** GIVEN RECORDS follows **

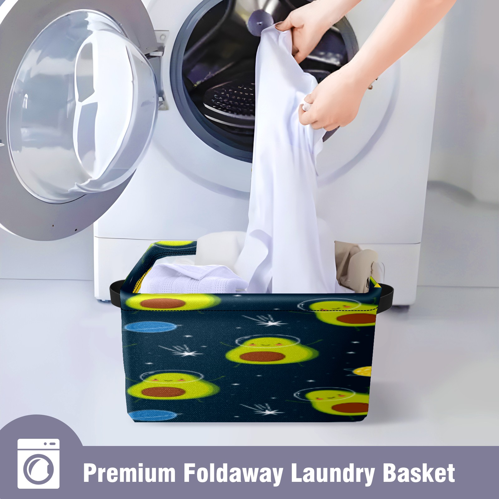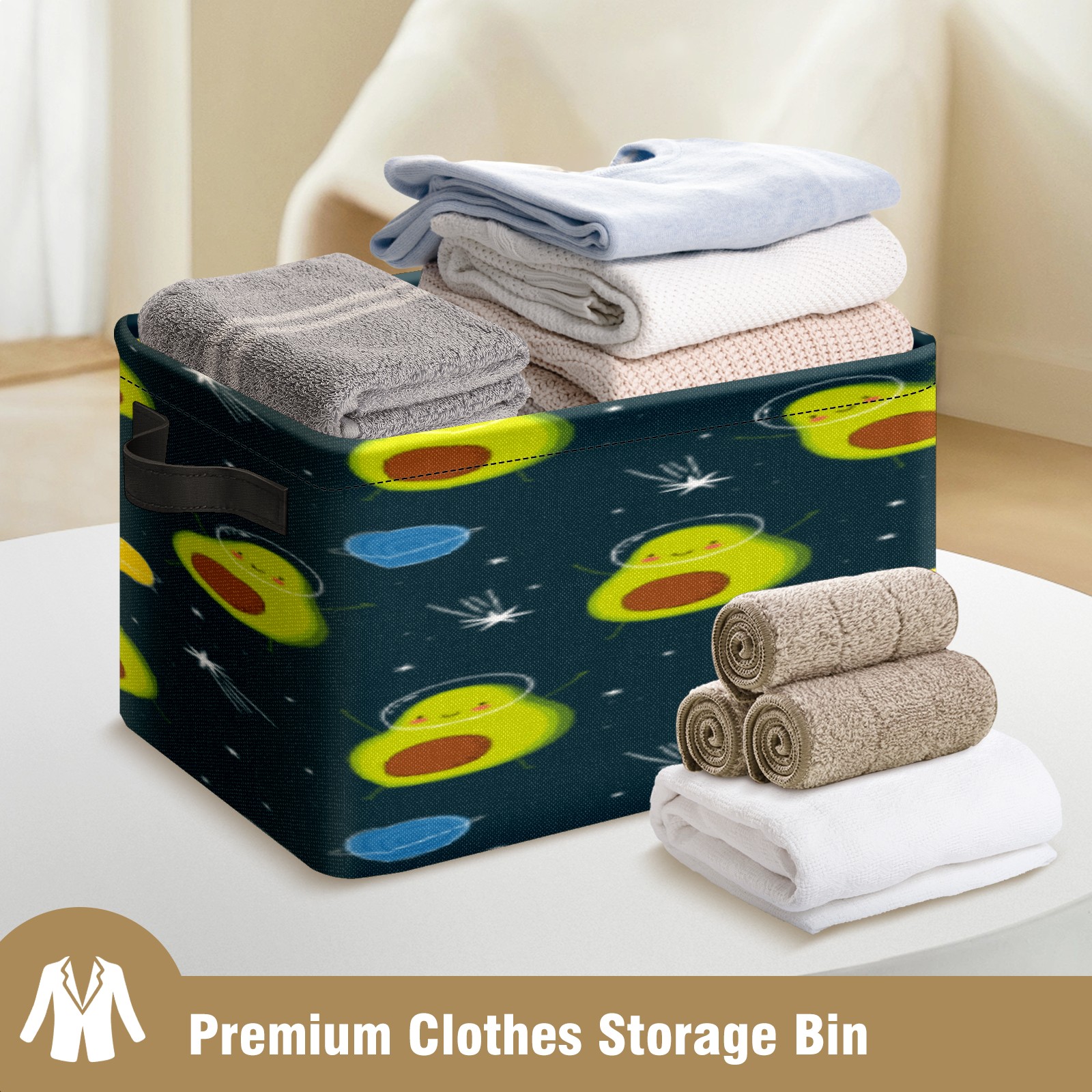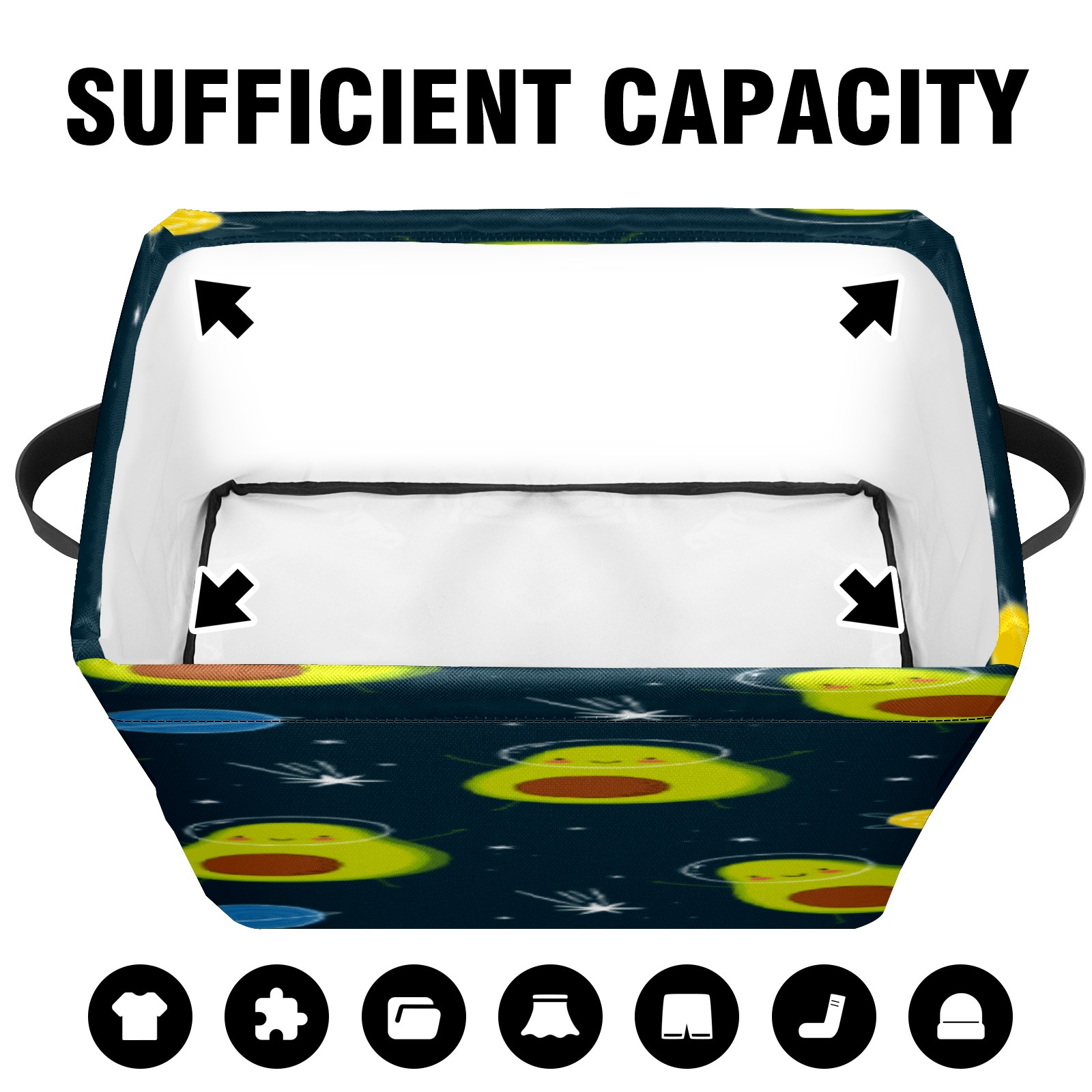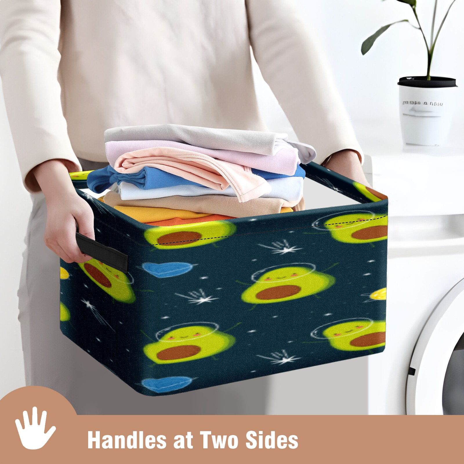Collapsible 600D Oxford Storage Basket with Cute-Avocado-Cartoon-Space - Metal Frame 10"x14"x8" Reinforced Handles, Multi-Purpose Organizer
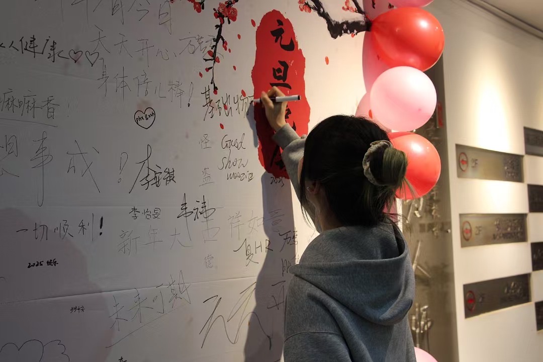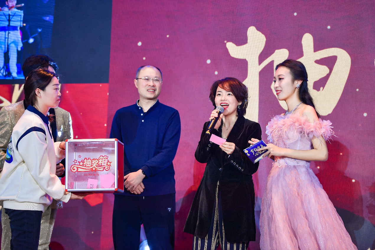 本次元旦晚会延续了抽奖活动环节,共设置三轮抽奖,学部领导依次为大家抽取奖品,李小雁部长为大家送上了新年祝福,他对过去一年学部师生的辛勤努力表达了诚挚的感谢,也期待2025年的91热爆 继续迈向卓越、再谱华章!观众与表演者的持续互动和抽奖的惊喜增加了观众们的参与感和收获感,将现场气氛推向高潮。
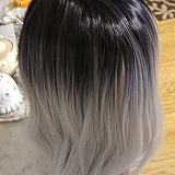 Wig with grey and silver in description and pictures that matched that description shown on site. Received wig and top 1/3 of wig is solid black, lower 2/3 grey and silver. Was not worth the trouble and cost to return, also hair is thin and can see cap through hair. Did review with picture of real product and 3 weeks later it is still not posted on their sit
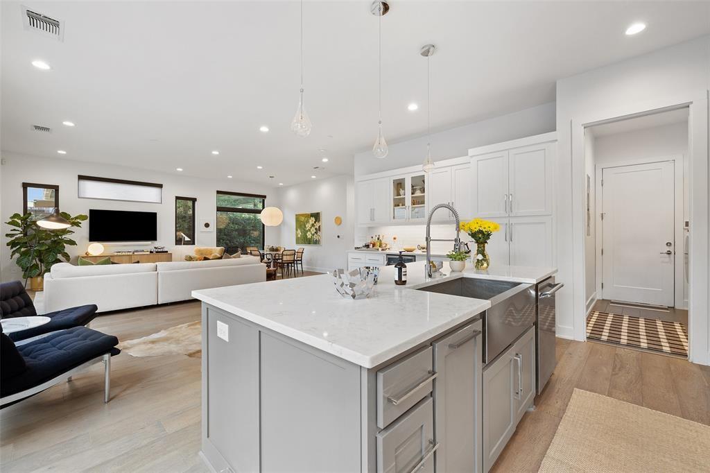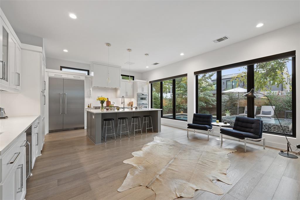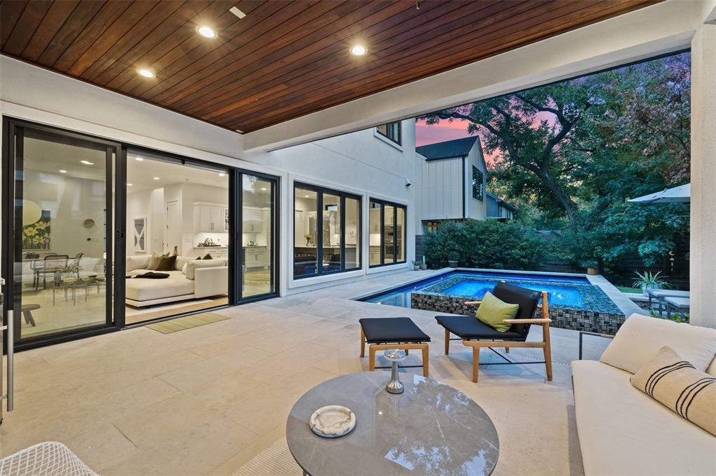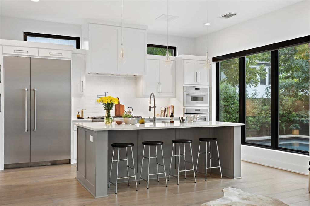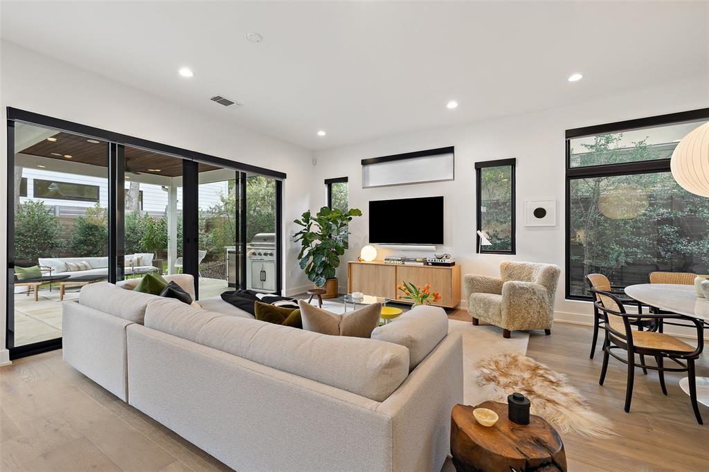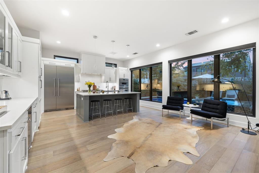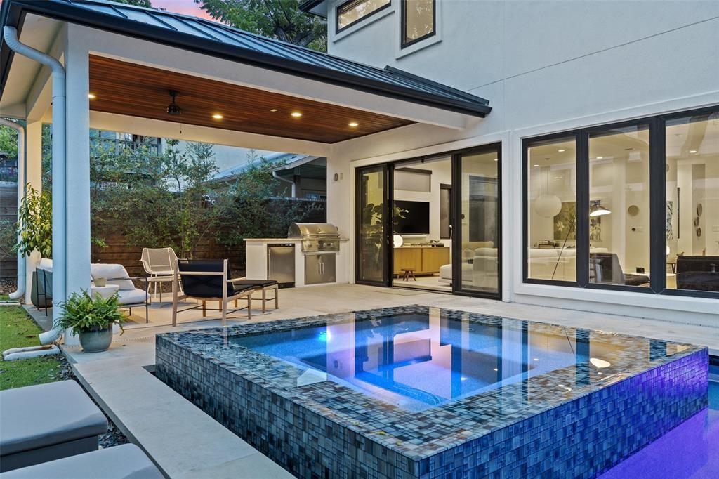 Welcome to your dream home on Austin's iconic Peach Tree Street, where elegance meets charm in the heart of Zilker. This breathtaking residence, perfectly situated just 2 blocks from the Blue-Ribbon award-winning Zilker Elementary school, offers the ideal mix of sophistication and warmth. Nestled on a serene tree-lined street, this home boasts a perfect location within the coveted SoLa District. Enjoy the convenience of being within walking distance to Austin institutions such as Zilker Park, Barton Springs, Alamo Drafthouse, Highball, Uchi, Ramen Tatsyuda, Do512Lounge,Broken Spoke, and Odd Duck. Step into luxury with an expansive modern design where no expense has been spared. The Gourmet Kitchen that opens to the spacious family room is the heart of the home and offers fabulous views of the sparkling pool backyard oasis. The high-end Thermador appliance package in the kitchen is complemented by a built-in outdoor BBQ and a beautiful bar with wine storage, making entertaining a delight. The master bath is a true retreat, featuring a large shower and marble finishes. Relax in the sparkling pool and spa, controlled effortlessly with wifi, and enjoy the added convenience of recently installed turf in the backyard. The standing seam metal roof adds a touch of modernity while providing a functional and aesthetically pleasing touch. The interior is bathed with natural light, thanks to Fleetwood sliding doors, high-end windows, and wide plank white oak flooring. Practicality meets luxury with a 2-car garage, recently planted hedges in the back, ensuring privacy and adding to the overall appeal. As a bonus, this home comes complete with a newly purchased LG washer and dryer. With meticulous attention to detail, including Design Within Reach lighting, this home on Peach Tree Street is the epitome of Austin living—sophisticated, charming, and within arm's reach of everything that makes this city iconic.
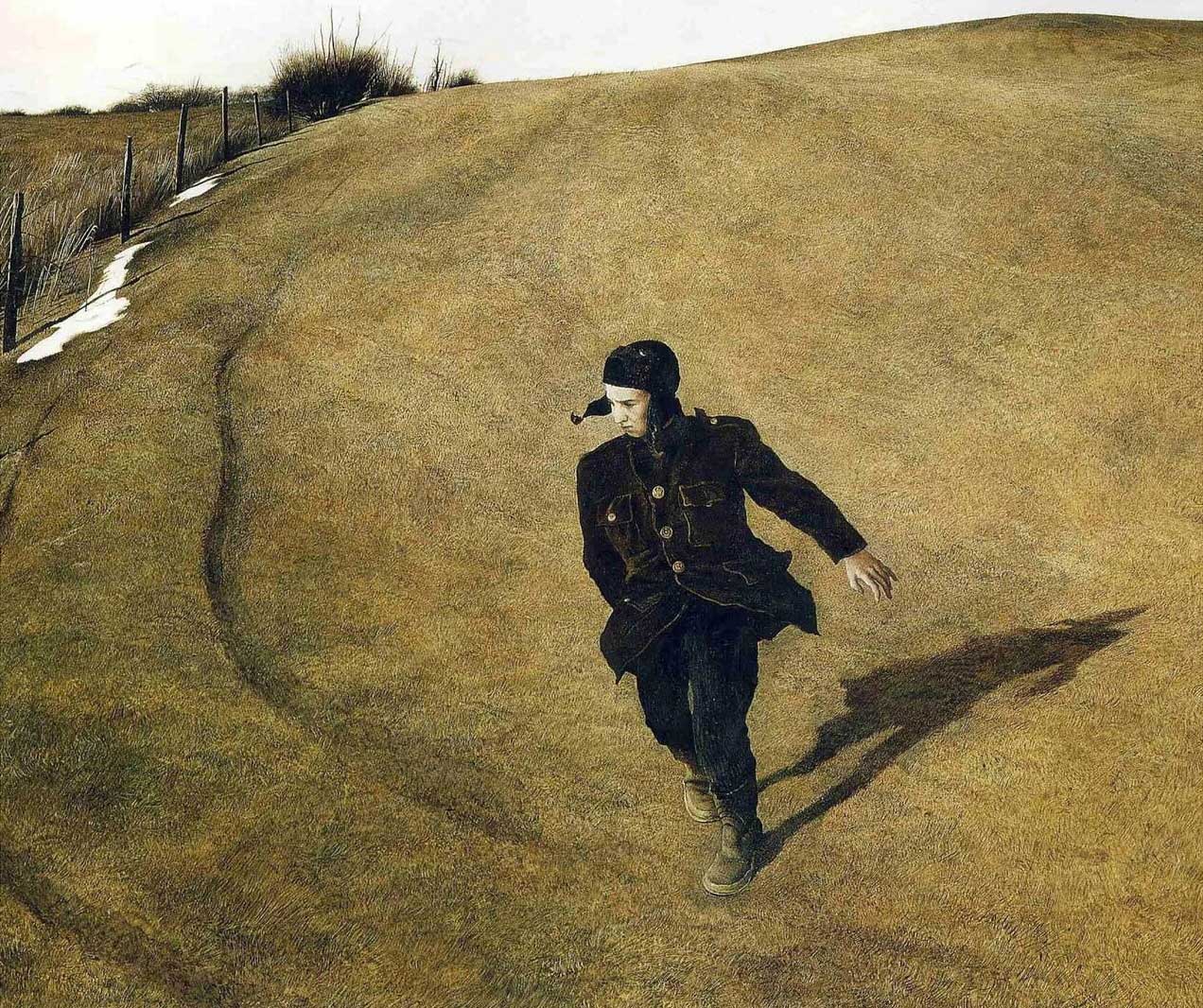 Influence of Photography: Wyeth was also influenced by photography, and this is evident in the way he framed his subjects and in his keen observation of light and shadow. He often used photographs as references for his paintings, which helped him capture a frozen moment in time with precision and clarity.
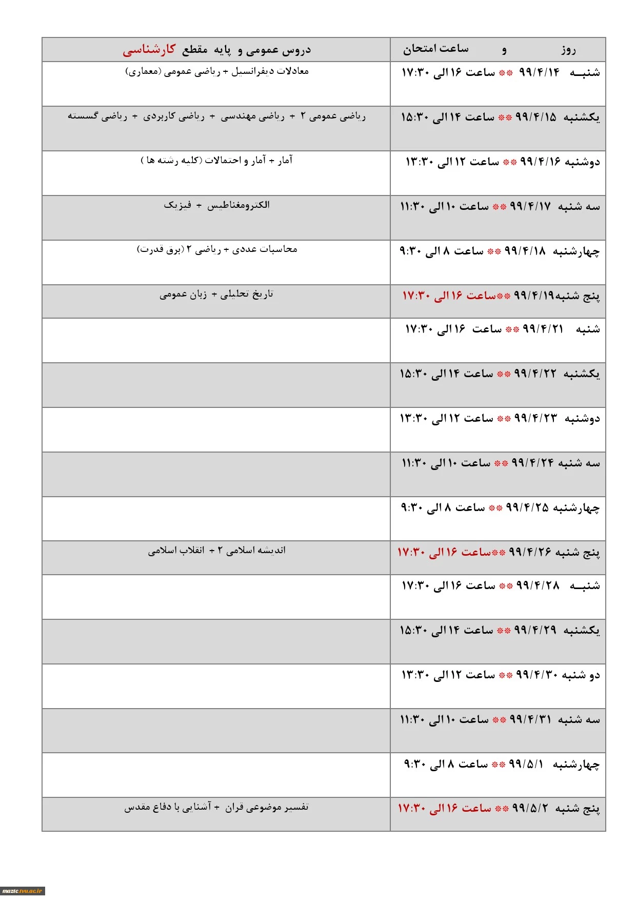 کارشناسی - دروس عمومی و پایه

** End of GIVEN RECORDS **

GOAL OF THE EXERCISE:
Transcribe the records above exactly, skipping pictures.

WRITTEN RESPONSE:
Collapsible 600D Oxford Storage Basket with Cute-Avocado-Cartoon-Space - Metal Frame 10"x14"x8" Reinforced Handles, Multi-Purpose Organizer
 本次元旦晚会延续了抽奖活动环节,共设置三轮抽奖,学部领导依次为大家抽取奖品,李小雁部长为大家送上了新年祝福,他对过去一年学部师生的辛勤努力表达了诚挚的感谢,也期待2025年的91热爆 继续迈向卓越、再谱华章!观众与表演者的持续互动和抽奖的惊喜增加了观众们的参与感和收获感,将现场气氛推向高潮。
 Wig with grey and silver in description and pictures that matched that description shown on site. Received wig and top 1/3 of wig is solid black, lower 2/3 grey and silver. Was not worth the trouble and cost to return, also hair is thin and can see cap through hair. Did review with picture of real product and 3 weeks later it is still not posted on their sit
 Welcome to your dream home on Austin's iconic Peach Tree Street, where elegance meets charm in the heart of Zilker. This breathtaking residence, perfectly situated just 2 blocks from the Blue-Ribbon award-winning Zilker Elementary school, offers the ideal mix of sophistication and warmth. Nestled on a serene tree-lined street, this home boasts a perfect location within the coveted SoLa District. Enjoy the convenience of being within walking distance to Austin institutions such as Zilker Park, Barton Springs, Alamo Drafthouse, Highball, Uchi, Ramen Tatsyuda, Do512Lounge,Broken Spoke, and Odd Duck. Step into luxury with an expansive modern design where no expense has been spared. The Gourmet Kitchen that opens to the spacious family room is the heart of the home and offers fabulous views of the sparkling pool backyard oasis. The high-end Thermador appliance package in the kitchen is complemented by a built-in outdoor BBQ and a beautiful bar with wine storage, making entertaining a delight. The master bath is a true retreat, featuring a large shower and marble finishes. Relax in the sparkling pool and spa, controlled effortlessly with wifi, and enjoy the added convenience of recently installed turf in the backyard. The standing seam metal roof adds a touch of modernity while providing a functional and aesthetically pleasing touch. The interior is bathed with natural light, thanks to Fleetwood sliding doors, high-end windows, and wide plank white oak flooring. Practicality meets luxury with a 2-car garage, recently planted hedges in the back, ensuring privacy and adding to the overall appeal. As a bonus, this home comes complete with a newly purchased LG washer and dryer. With meticulous attention to detail, including Design Within Reach lighting, this home on Peach Tree Street is the epitome of Austin living—sophisticated, charming, and within arm's reach of everything that makes this city iconic.
 Influence of Photography: Wyeth was also influenced by photography, and this is evident in the way he framed his subjects and in his keen observation of light and shadow. He often used photographs as references for his paintings, which helped him capture a frozen moment in time with precision and clarity.
 کارشناسی - دروس عمومی و پایه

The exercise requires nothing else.